One option would be to shut the gate in the fence that surrounds our back door, deck, patio and pool, thus denying him (and out of necessity the other dogs) access to the rest of the big back yard. That puts another tall wooden privacy fence between him and his view of the road. The downside to this is that he would soon begin to make frequent trips (and potty stops) on the top of the snow-and-ice-covered in-ground pool cover. This is not a big issue right now, but much more problematic as it begins to thaw. Hauling a soaking, freezing dog out after he falls through slushy ice is Not Fun. And yes, I do know this first-hand. Plus, when spring arrives, much poop would have to be scooped and/or pumped off the pool cover turned canine septic tank. Also Not Fun. Even if it's not on the actual pool cover, a winter's worth of large dog droppings in the mulchy area around the pool is also undesirable (or so says my husband, who is the designated poop-scooper, mainly because it bothers him way more than it does me).

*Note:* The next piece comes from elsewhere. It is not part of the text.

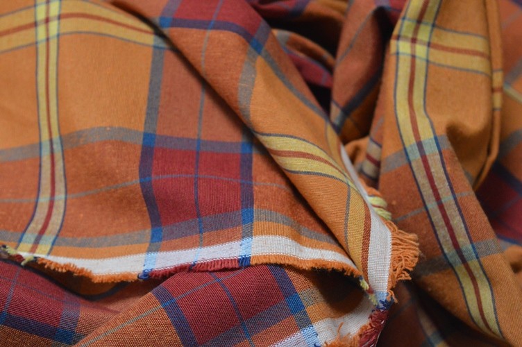tessuto cotone stile country colore bordo e ruggine tessitura tinta in filo alto cm280 composizione 75% cotone 25% poliestere adatto x tovaglie divani tendaggi ecc.. il prezzo si intende per mt lineare

Let me be clear about two things. I will not, under any circumstances either de-bark my dog, or use a shock collar. I'd move us all to a remote Canadian outpost first.
Which still leaves me searching for a solution. Trekking down the Killer Steps of Death (currently covered in three inches of ice) in my floppy boots, dog-hair-covered sweat suit, and parka is something I don't tend to do a lot of in the depths of a Minnesota winter. This makes in-person corrections, rewards or distractions difficult.

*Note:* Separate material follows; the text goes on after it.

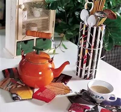 锅垫和盘子垫非常容易弄脏,不论什么材质脏了之后都难清洗。干脆使用废旧的报纸,像叠纸鹤那样,先叠成若干个菱形块,然后用订书钉或者双面胶拼接在一起,就做成了一次性的锅垫和盘子垫。用塑料饮料瓶制成的餐具笼也可以用报纸装饰一下,把报纸搓成小卷,然后依次贴在瓶子上,最后用漂亮的绳子装饰一下即可。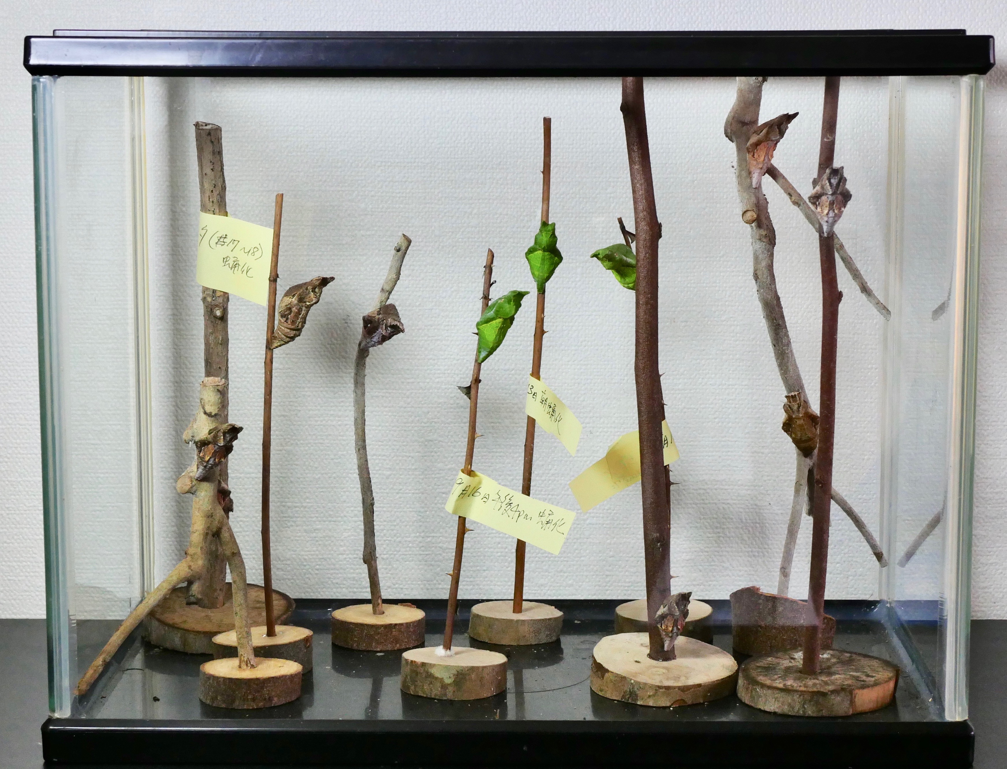 参加者の方々が持ち帰った12匹のアゲハの幼虫が、無事に飼育できなかった時のために、上のような蛹を準備していました。数人の方々は持ち帰り観察しているとのことですが、残りはひょうご環境体験館の方々が羽化等に関する記録を取ってくださる予定です。

So far, I'm considering duct tape, a moat (wait, he's a golden, he'd like that... plus it would be frozen, and therefore not a moat but a slippery road running parallel to the highway, so maybe
I should just get him ice skates), super glue, a paintball gun (that was my husband Tom's idea), a helper monkey (also Tom's idea, but he really just wants a monkey), or perhaps a scud missile. We talked about those ultrasonic things you mount on the fence, that make an "unpleasant to dogs" sound when something loud happens near them, but he'd never hear the "unpleasant to dogs" sound over his own bark. A citronella collar sounds like a good possibility. At least he'd smell all herbally. The helper monkey would probably enjoy that. Wonder what frozen citronella is like around a dog's neck/chin, though.

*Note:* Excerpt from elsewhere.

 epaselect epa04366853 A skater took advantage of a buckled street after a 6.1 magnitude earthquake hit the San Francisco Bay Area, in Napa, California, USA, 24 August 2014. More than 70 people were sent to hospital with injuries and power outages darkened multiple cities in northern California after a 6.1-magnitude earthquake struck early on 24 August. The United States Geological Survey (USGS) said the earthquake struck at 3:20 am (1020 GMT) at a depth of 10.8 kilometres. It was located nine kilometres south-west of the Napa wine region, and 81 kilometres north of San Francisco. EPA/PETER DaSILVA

I've always been a dog-person, managing multi-dog packs successfully. Given time, I usually work out any behavior issues we encounter, but this one has me stumped at the moment. Every time I yell at Darwin, Ozark (all 110 pounds of him) gets nervous and flings himself under the end table, where he really does not fit, considering all the junk I have stuffed under there. 14-year-old Sprocket is kind of deaf, making him the luckiest one here, as he is largely immune to both the barking and the yelling.
If any of you have suggestions, I'd love to hear them! Provided I haven't been barked deaf. So you'd better hurry. In the meantime, I will be learning to read lips so I can communicate with the Realtor who will sell me my remote Canadian outpost.